Resampling from rep-seqs

suzukik · November 21, 2018, 6:36am

Hi, I have 180 samples with approximately 40,000 - 60,000 sequences each.
Unfortunately, since my PC is not so excellent, align-to-tree-mafft-fasttree command can’t work well (error in progressive alignment. Making a distance matrix and Constructing a UPGMA tree were passed).
Now I am thinking if can I solve this problem by reducing total number of sequence.
Is there any option for random resampling from rep-seqs and table (for example, 20,000 sequences will be randomly selected, then make new rep-seqs file).
Or if somebody have other idea to solve this error, please help me.

Thank you

jwdebelius · November 21, 2018, 9:23am

Hi @suzukik,

A couple of solutions I can come up with, not sure if any help.

One would be to make sure you have singletons and chimeras filtered out of your tree and table before building. I think deblur does this automatically, I’m not sure what denosing/clustering method you used.

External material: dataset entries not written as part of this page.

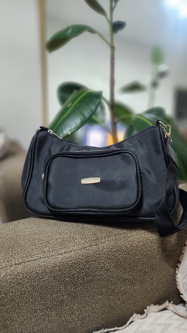Siyah minimalist tasarımlı, fermuarlı ana bölme ve ön cepli kadın çantası. Pürüzsüz sentetik kumaştan, sokak modasına uygun tarzda.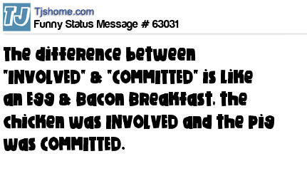 - # 20720 The difference between 'involvement' and 'commitment' is like an eggs-and-ham breakfast: the chicken was 'involved' - the pig was 'committed'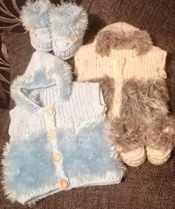 Baby Knitting Pattern GILLET & FUR BOOTS 3-6mths & 6-9mths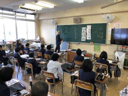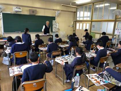 4年生は、校長先生に書き初めの指導をしていただきました。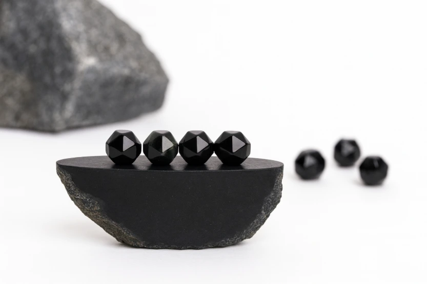 L’onyx noir est une variété de calcédoine, formée dans les cavités rocheuses lorsque la silice se dépose en fines couches successives. Avec le temps, la pression solidifie ces dépôts et donne naissance à la pierre sombre et profonde que l’on connaît.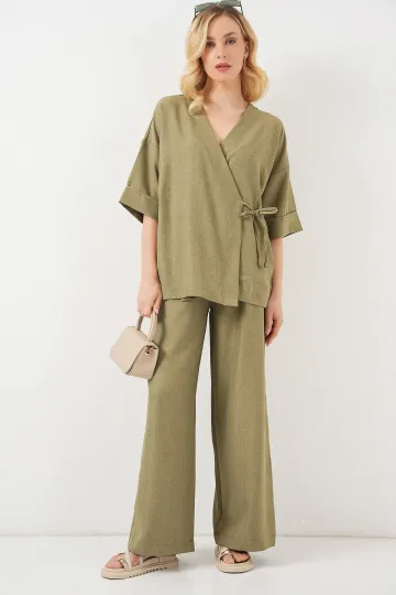 Kadın Önü Bağlamalı Alt Üst Takım 6745 - Çağla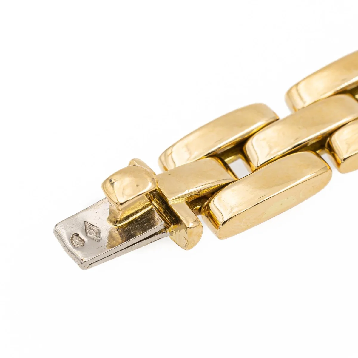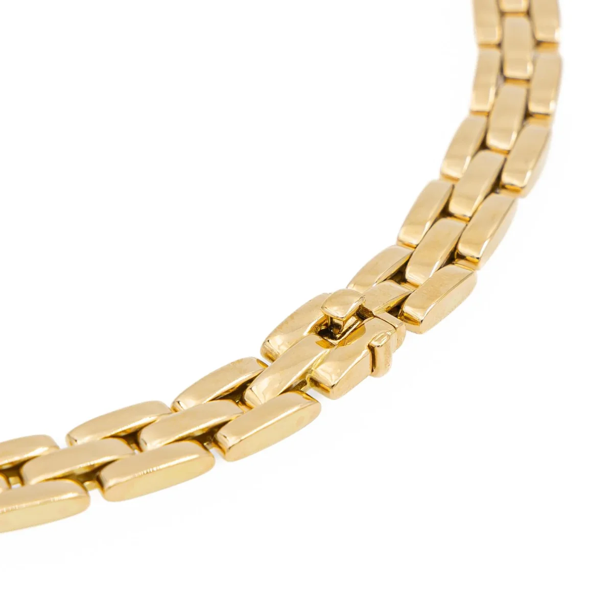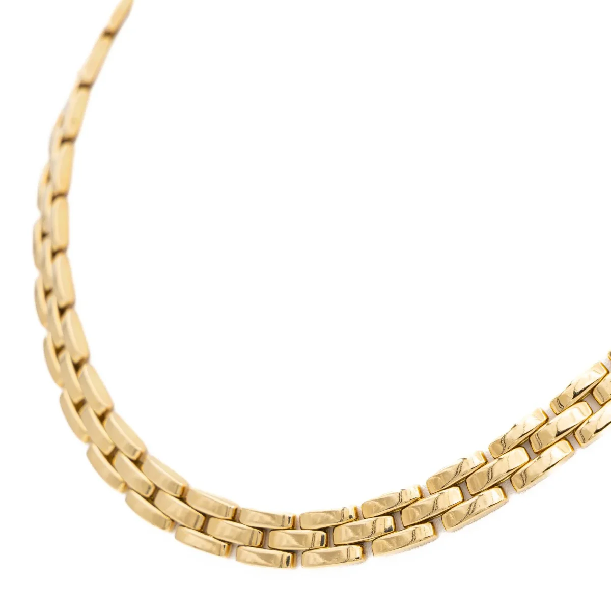 Collier signé de la maison Cartier, en or jaune 750 millièmes (18 carats), maille panthère, longueur: 42 cm, largeur: 0,82 cm, épaisseur: 0,27 cm, poids total: 86,76 g, numéroté: 607881, écrin Cartier d’origine, poinçon tête d’aigle, excellent état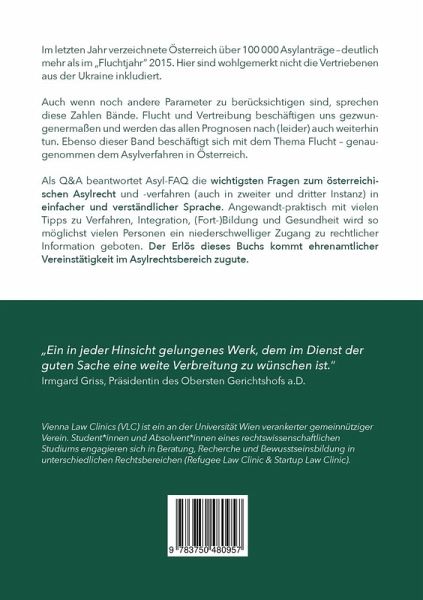 Als Q&A beantwortet Asyl-FAQ die wichtigsten Fragen zum österreichischen Asylrecht und -verfahren (auch in zweiter und dritter Instanz) in einfacher und verständlicher Sprache.Angewandt-praktisch mit vielen Tipps zu Verfahren, Integration, (Fort-)Bildung und Gesundheit wird so möglichst vielen Personen ein niederschwelliger Zugang zu rechtlicher Information geboten.Der Erlös dieses Buchs kommt ehrenamtlicher Vereinstätigkeit im Asylrechtsbereich zugute.Vienna Law Clinics (VLC) ist ein an der Universität Wien verankerter gemeinnütziger Verein. Student_innen und Absolvent_innen eines rechtswissenschaftlichen Studiums engagieren sich in Beratung, Recherche und Bewusstseinsbildung in unterschiedlichen Rechtsbereichen (Refugee Law Clinic & Startup Law Clinic).

The solution you’re proposing is essentially rarefaction of your table. Which is somewhat controversial, although appropriate in diversity calculations. So, it’s an option but perhaps not the best one.

You might also want to look for additional computational resources, depending on your data privacy/ethics rules. (Although, if you’re only building the tree, dealing with a set of de-identified sequences with no sample data attached, but always better to check if you’re not sure.) These might include:

A local or national computational resource. Many universities have super computers or super computer consortium agreements that you can apply to use. A bioinformatics core or IT department might be able ot help you locate yours.
Buying time on a cloud-based platform like Amazon Web Services or Microsoft Azure. It’s essentially a supercomputer for hire. Depending on what you’re doing, its historically been in the neighborhood of a few dollars a day to get a fair bit of processing power, and you don’t need to keep running stuff long term which can help limit your costs. I’m not sure if there’s a QIIME installation already there, and can’t give more advice on which installation makes sense.
Finally, if If you’re willing/able to have your data hosted on someone else’s server, Qiita is a database developed by Rob Knight’s group at UC San Diego. It leverages a standardised platform for denoising (and clustering) against what their team of expert developers - including some of the people behind QIIME and QIIME 2 - consider the best pipeline. I think they output QIIME 2 artefacts at the end of processing.

Hope that’s helpful.

Best,
Justine

suzukik · November 21, 2018, 10:16am

Hi Justine,

Thank you very much for your kind suggestion.
I used DADA2 for denoising and clustering the sequence. I think that chimeras were automatically removed from rep-seqs.
When I remove less abundance features (<10 in all sequences), trees were successfully built!! Thank you very much.
I am not sure if is this threshold value (10) reasonable. Probably 1 or 2 is better. I will try later.
And I will check if can I use super computer service in my university.

I have another question.
After the taxonomic analysis, I will use the data to LEfSe or PiCRUSt analysis.
In this time, although the table will be converted into relative abundance data, the table were prepared from different sampling depths.
Is this OK? Or should I prepare taxonomic table after standardizing the sampling depths?
In my case, minimum sequence number is approximately 20,000 and maximum is 200,000…
In qiime taxa barplot command, I could not find some option for controlling sampling depth.

Best regards,
Suzuki

jwdebelius · November 21, 2018, 10:32am

Hi @suzukik,

I’m glad it worked. Singletons and rare features often make up most of the sequences in your table, so sometimes removing the singletons or super low abundance features can solve this problem.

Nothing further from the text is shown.